Intern ViT Runner#

class InternViTRunner : public trt_edgellm::rt::MultimodalRunner #

Runner for InternViT vision encoder.

This class handles the preprocessing and inference of InternViT vision encoder, which is part of the InternVL multimodal model.

Public Functions

InternViTRunner(std::string const &engineDir, cudaStream_t stream)#

Constructor for InternViTRunner.

Parameters:

engineDir – [in] Directory containing the TensorRT engine files
stream – [in] CUDA stream for execution

~InternViTRunner() = default#

virtual bool preprocess( rt::LLMGenerationRequest const &request, std::vector<std::vector<int32_t>> &batchedInputIds, tokenizer::Tokenizer *tokenizer, rt::Tensor &ropeRotaryCosSinDevice, cudaStream_t stream ) override#

Preprocess multimodal input including images and text.

Parameters:

request – [in] LLM generation request containing images and text
batchedInputIds – [inout] Batched input token IDs after preprocessing
tokenizer – [in] Tokenizer for text processing
ropeRotaryCosSinDevice – [inout] RoPE rotary position encoding cache
stream – [in] CUDA stream for execution

Returns:

True if preprocessing succeeded, false otherwise

virtual bool infer(cudaStream_t stream) override#

Run inference on the vision encoder.

Parameters:: stream – [in] CUDA stream for execution
Returns:: True if inference succeeded, false otherwise

virtual bool validateAndFillConfig( std::string const &engineDir ) override#

Validate and load configuration from JSON file.

Parameters:: engineDir – [in] Path to engine directory
Returns:: True if configuration is valid and loaded successfully, false otherwise

virtual bool allocateBuffer(cudaStream_t stream) override#

Allocate buffers for inference.

Returns:: True if allocation succeeded, false otherwise

struct InternViTConfig#

Configuration for InternViT vision encoder.

Public Members

int64_t maxNumBlocks = {0}#: Maximum number of image blocks.

int64_t minNumBlocks = {0}#: Minimum number of image blocks.

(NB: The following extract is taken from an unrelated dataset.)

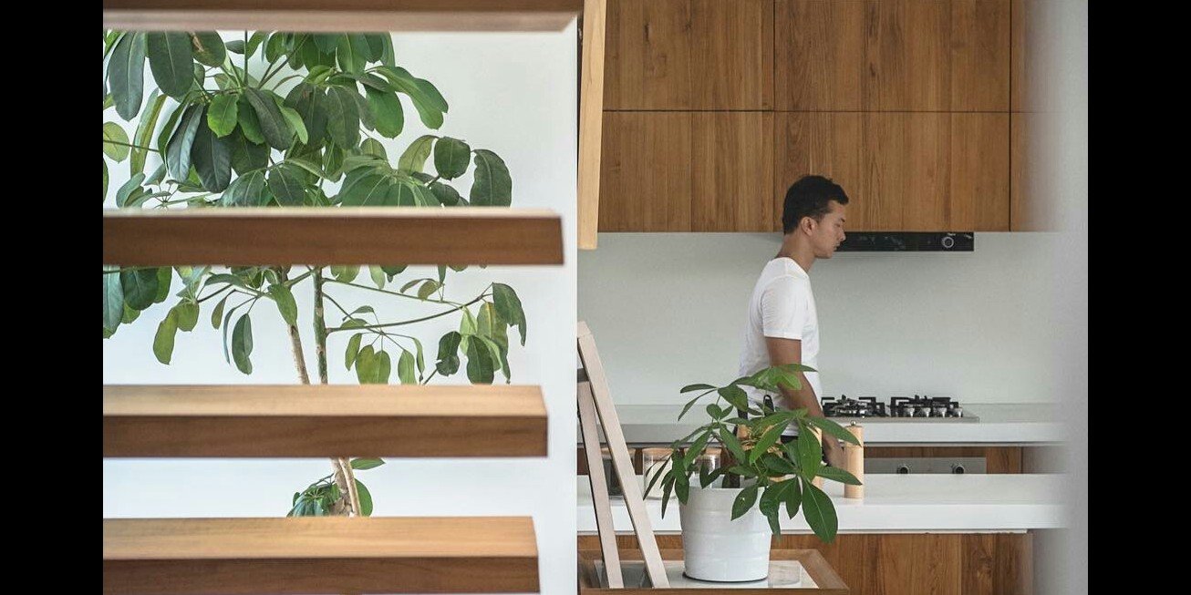 Townhouse berlantai 3 ini memiliki desain yang simpel dan hangat dan menyerupai perpaduan desain yang disukainya.

int64_t numChannels = {0}#: Number of image channels (typically 3 for RGB)

int64_t outHiddenSize = {0}#: Output hidden dimension size.

int64_t patchSizeH = {0}#: Patch height in pixels.

int64_t patchSizeW = {0}#: Patch width in pixels.

int64_t blockImageSizeH = {0}#: Block image height.

int64_t blockImageSizeW = {0}#: Block image width.

int32_t vocabSize = {0}#: Vocabulary size.

int32_t imageTokenId = {0}#: Token ID for image placeholder.

int32_t imgStartTokenId = {151665}#

Token ID for.

tag

int32_t imgEndTokenId = {151666}#: Token ID for tag.

std::array<float, 3> imageMean = {{0.485F, 0.456F, 0.406F}}#: Image normalization mean values (RGB)

std::array<float, 3> imageStd = {{0.229F, 0.224F, 0.225F}}#: Image normalization standard deviation values (RGB)

int64_t minImageTokensPerImage = {0}#: Minimum image tokens generated by each image. Used for resizing.

int64_t maxImageTokensPerImage = {0}#: Maximum image tokens generated by each image. Used for resizing.